Do you remember the song recorded by Tina Turner -- "What's Love Got To Do With It"? While I believe love has everything to do with it, there are many who aren't able to enjoy love with sex because shame gets in the way. I once knew someone who gave up having sex with her partner because (as it was explained to me) she had too much love and respect for her. Sounds like shame to me although I didn't figure it out at the time.

Oh, what's shame got to do with it, got to do with it?
What's shame, but a second hand emotion?

We are not born with any semblance of shame. It is a learned emotion -- "second hand." When do we learn about shame? Is it the first time our mother covers our body to hide our nakedness? Is it when the little girl no longer is allowed to play without a shirt on? Or is it not until we begin to notice that our parents don't want to answer our first innocent questions about babies and where they come from? Is it learned from some religious authority figure who is so uncomfortable with their own sexual urges that they convince themselves that it must be a bad thing? When does this shame about our body and our sexual self start? And what's it about?

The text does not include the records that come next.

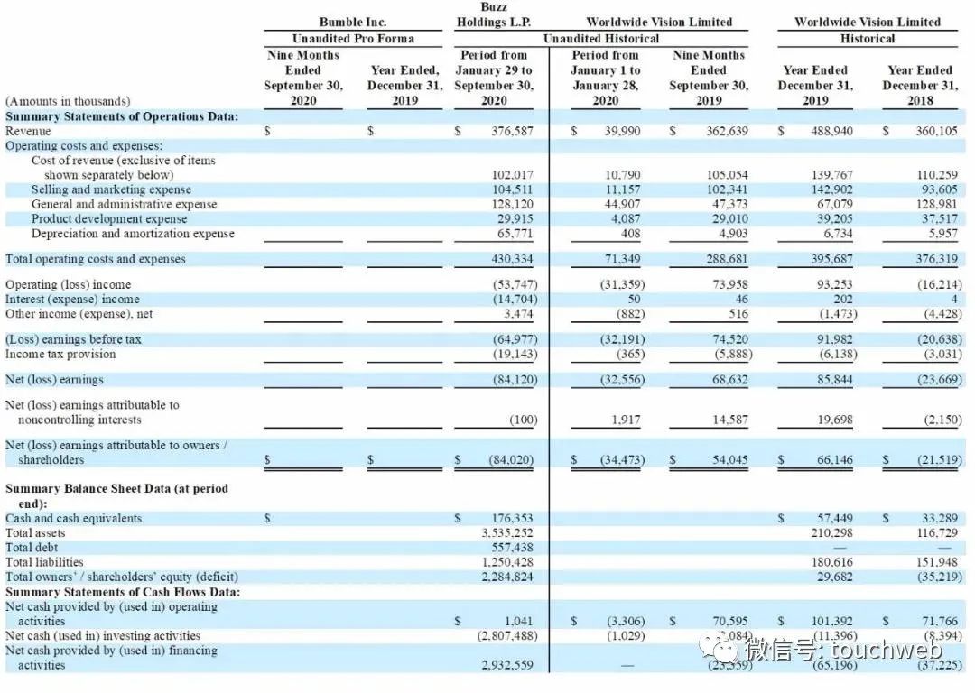 Bumble在2020年前9个月的营收为3.76亿美元,其中,来自Bumble App营收为2.32亿美元,Badoo App及其他的营收为1.45亿美元,净亏损为8410万美元;经调整EBITDA为9890万美元。
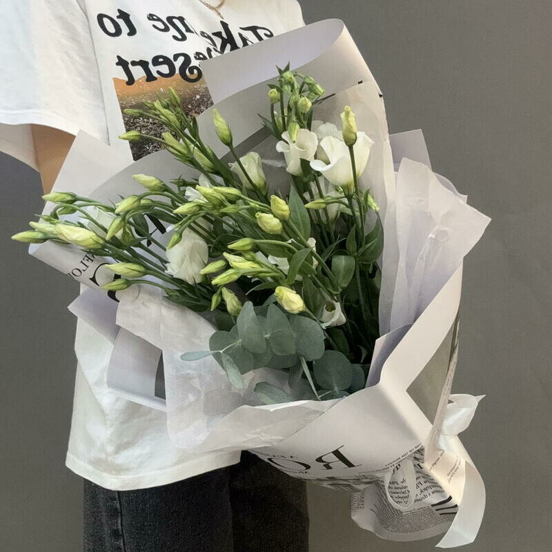 Букет из белой Эустомы и Эвкалипта для мамочки
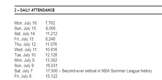 If the Summer League averages 10,363 in attendance a day these four final days it will set an attendance record.

When, oh when did females get to be the problem? I wish the generalizations about the "provocative woman seducing the innocent man" were never again used as an excuse for extra-marital affairs or for rape. We don't even get to experience our first chance flush of desire without learning that a girl with sexual yearnings is a "bad" girl. I venture to say that most women are never given the chance to experience their first sexual encounter without feeling shame. I imagine that there are some men who also feel the same way.

Shame changes everything about sex. Shame makes us afraid and keeps us on our guard. How can I ever become truly and completely intimate with my partner if I am guardedly fearful. I can't. I would never be able to be truly authentic. That's true intimacy. I also believe it is shame that leads us to judge others who are sexually different than ourselves. The fear of judgement creates an atmosphere of secrets and we don't feel safe sharing our deepest desires with the one we love.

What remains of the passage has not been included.